From the records that follow, return exactly the lines beginning at the one that contains "5000 m² roof" and ending at the one that contains "Пурпурные оттенки в", pictures left out.
# # # #
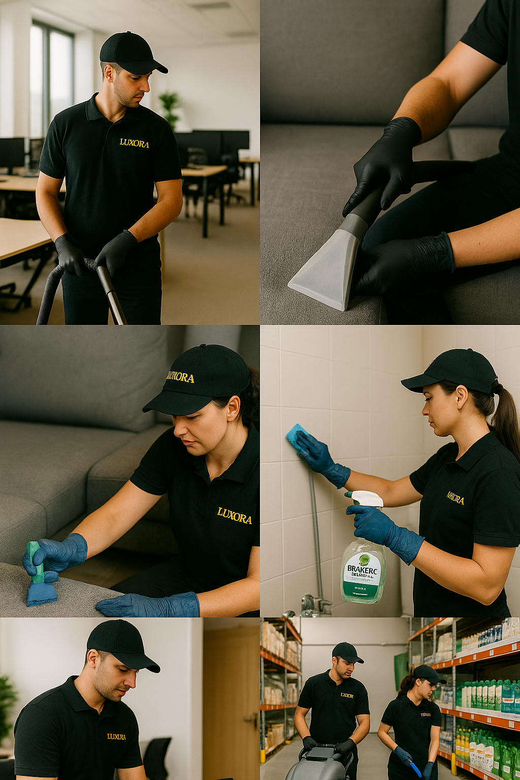 Почистване на мека мебел и килими със съвременна техника, основно измиване и полиране на подови настилки, измиване на прозорци и витрини, премахване на прах от повърхности, дезинфекция и освежаване на санитарни помещения, както и събиране и извозване на битови отпадъци.
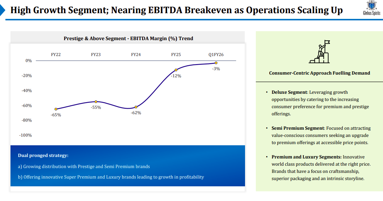 Globus Spirits’ prestige & above segment has improved margins from -65% in FY22 to -3% in Q1 FY26, nearing breakeven, backed by a dual strategy of expanding semi-premium/premium reach and launching innovative super-premium brands.
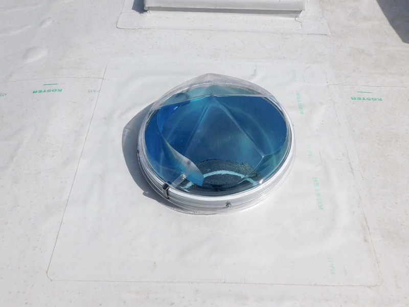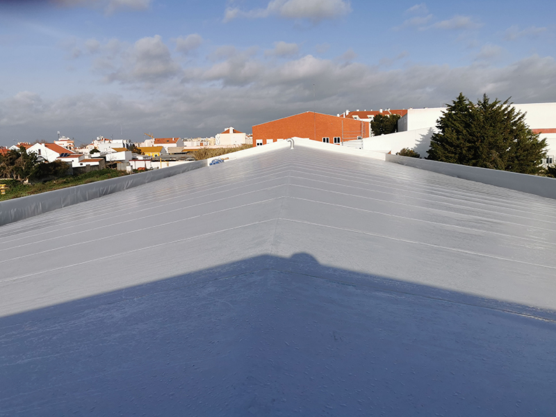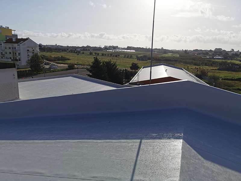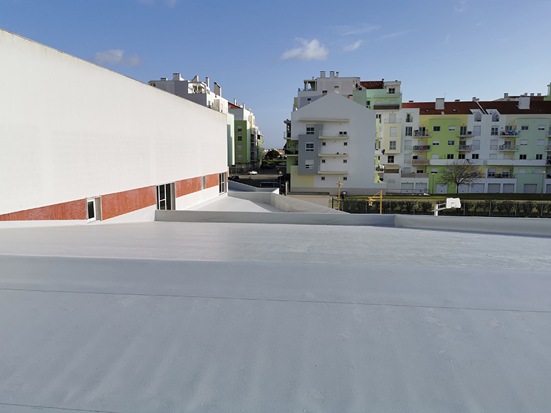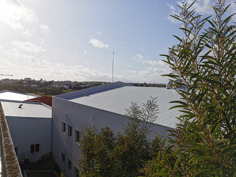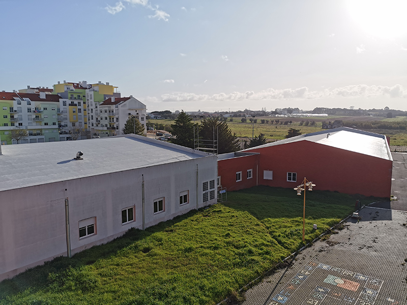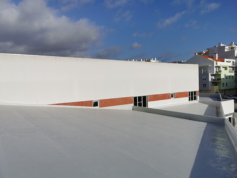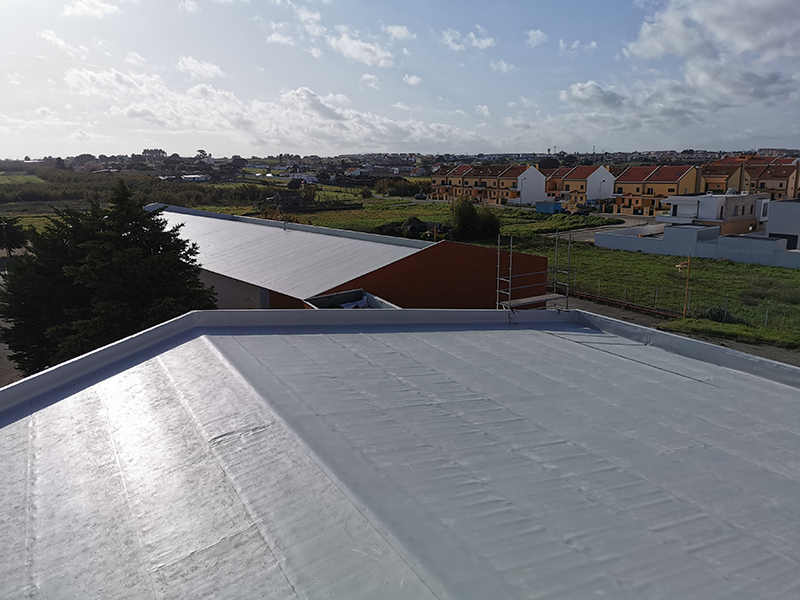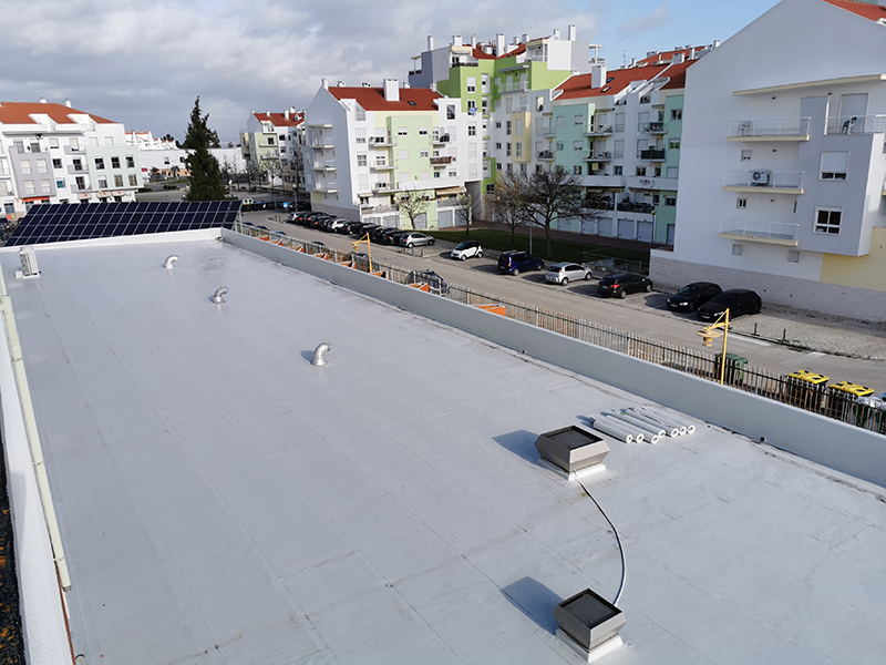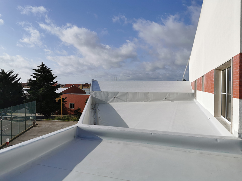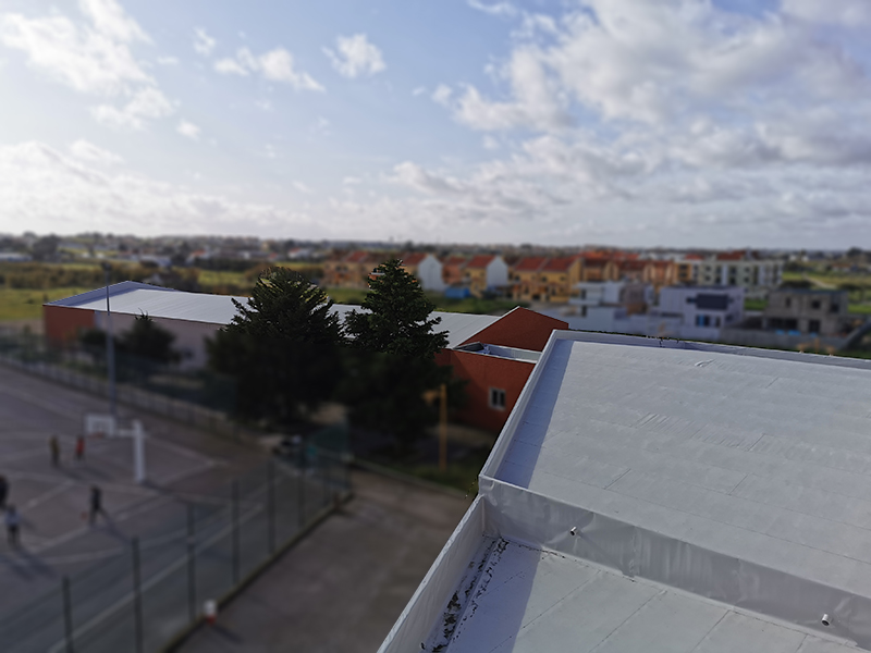 5000 m² roof of high school in Alcochete, Portugal done with KÖSTER TPO membranes applied using mechanical fastening system over concrete slab. KÖSTER accessories and details applied where needed.
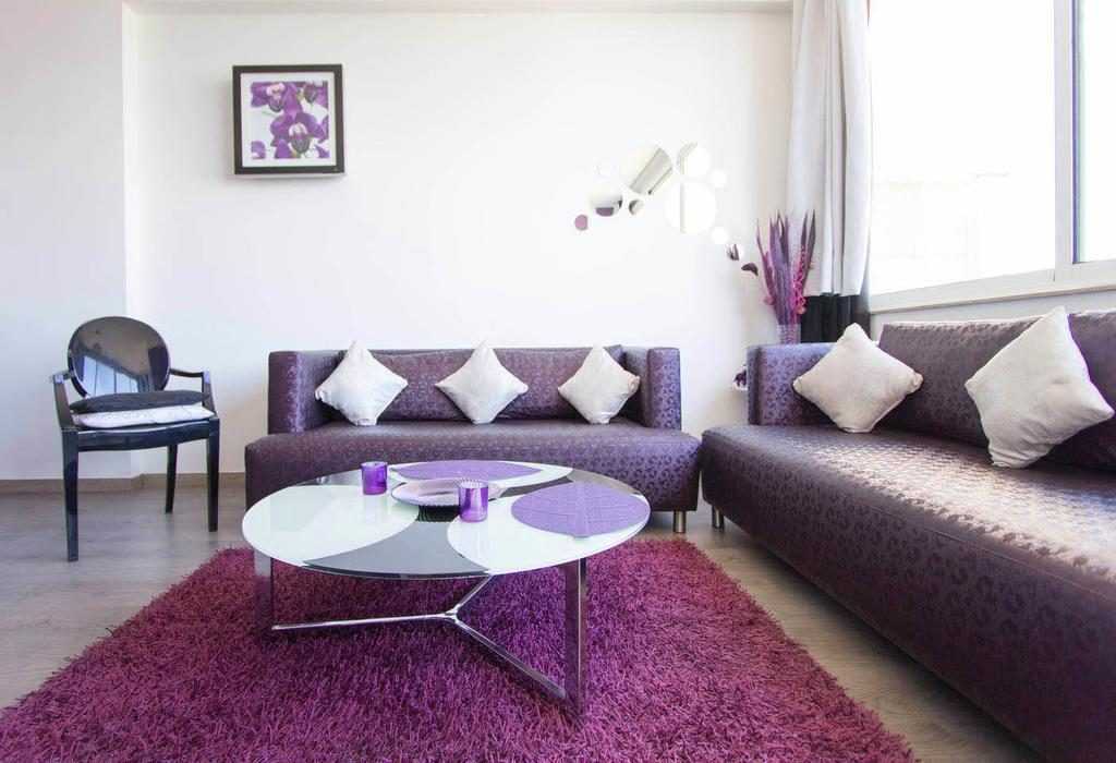 Пурпурные оттенки в интерьере не будут напрягать, если приобрести такой расцветки покрывала, пледы, коврики с высоким ворсом, постельное белье и шторы.
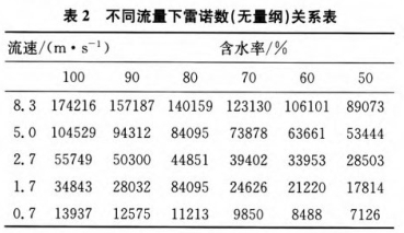 雷諾數(shù)是表征流(liu)體流動情(qíng)況的無量(liàng)綱數。雷諾(nuo)數較小時(shi),黏滞力對(dui)流場的影(ying)響大于慣(guan)性力,流場(chang)中流速的(de)擾動會因(yīn)黏滞力而(ér)衰減,流體(ti)流動穩定(ding),爲層流;反(fan)之,若雷諾(nuo)數較大時(shí),慣性力對(dui)流場的影(ying)響大于黏(nian)滞力,流體(tǐ)流動不穩(wen)定,流速的(de)微小變化(huà)容易發展(zhǎn).增強,形成(cheng)紊亂、不規(gui)則的湍流(liú)流場。流态(tai)轉變時的(de)雷諾數值(zhi)稱爲臨界(jie)雷諾數。一(yī)般管道雷(léi)諾數Re<2100爲層(céng)流狀态,Re>4000爲(wei)湍流狀态(tài),Re=2100~4000時爲過渡(du)狀态。表2列(liè)出不同含(hán)水率與不(bu)同流速下(xià)的雷諾數(shu)。
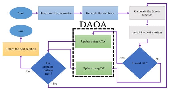 Figure 3 depicts the proposed DAOA approach in this section. The DAOA procedure begins with (1) determining the values of the used algorithms’ parameters, (2) generating candidate solutions, (3) calculating fitness functions, (4) selecting the best solution, (5) if a given condition is true, the AOA is executed to update the solutions; otherwise, the DE is executed to update the solutions, and (6) then another condition is given to stop or continue the optimization process. Figure 3 shows the flowchart for the proposed DAOA. The pseudo-code of the DAOA algorithm is given in Algorithm 1.
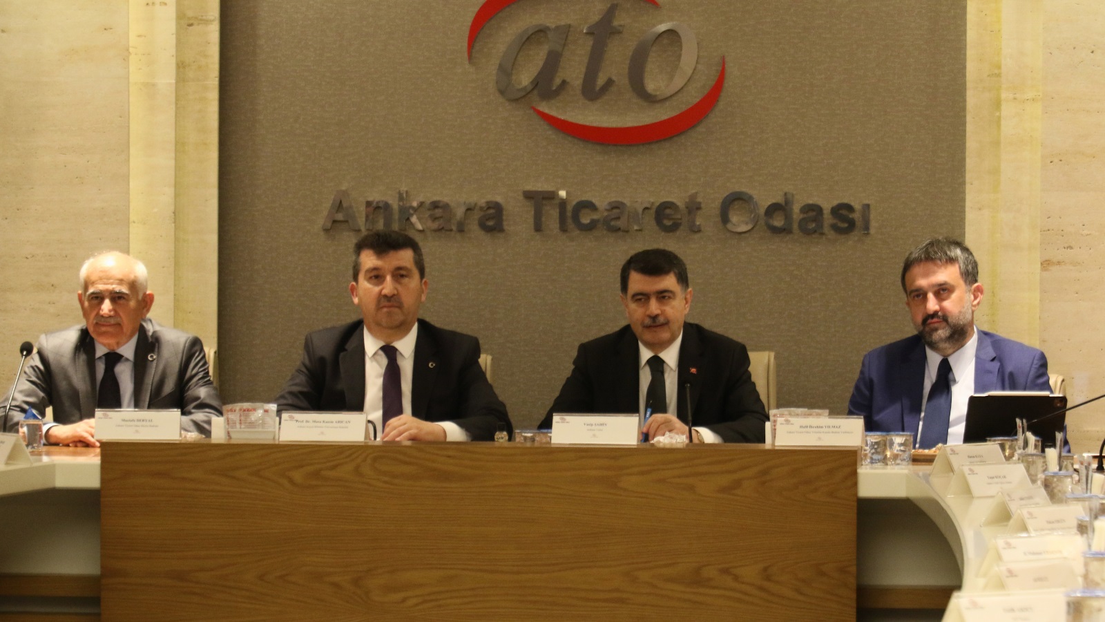 TOPLANTI'YA ANKARA VALİSİ VASİP ŞAHİN İLE ATO MECLİS BAŞKANI MUSTAFA DERYAL, ATO YÖNETİM KURULU BAŞKAN YARDIMCISI HALİL İBRAHİM YILMAZ VE ANKARA SOSYAL BİLİMLER ÜNİVERSİTESİ REKTÖRÜ, TYB GENEL BAŞKANI PROF. DR. MUSA KAZIM ARICAN KATILDI.
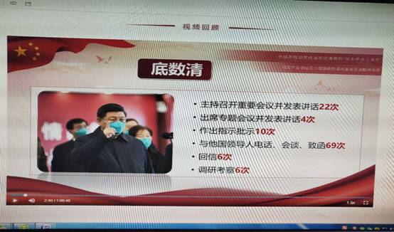 王易教授围绕以下三方面进行了讲解。第一,底数清。习近平总书记主持召开了疫情防控重要会议并发表重要讲话22次,作出指示批示10次。第二,重点准。一是坚决打赢疫情防控人民战争、总体战、阻击战。二是把人民群众生命安全和身体健康放在第一位 。三是让党旗在疫情防控第一线高高飘扬。四是统筹推进疫情防控和经济社会发展。五是团结合作是国际社会战胜疫情的最有力的武器。第三,转化活。一是在经历中学习,讲好抗疫故事。二是在比较中学习,彰显制度优势。三是在思考中学习,凝聚精神力量。
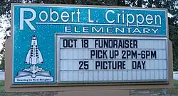 Sign of Crippen Elementary School in Porter, Texas, named after Robert Crippen
# # # #
YOUR SOLUTION:
 5000 m² roof of high school in Alcochete, Portugal done with KÖSTER TPO membranes applied using mechanical fastening system over concrete slab. KÖSTER accessories and details applied where needed.
 Пурпурные оттенки в интерьере не будут напрягать, если приобрести такой расцветки покрывала, пледы, коврики с высоким ворсом, постельное белье и шторы.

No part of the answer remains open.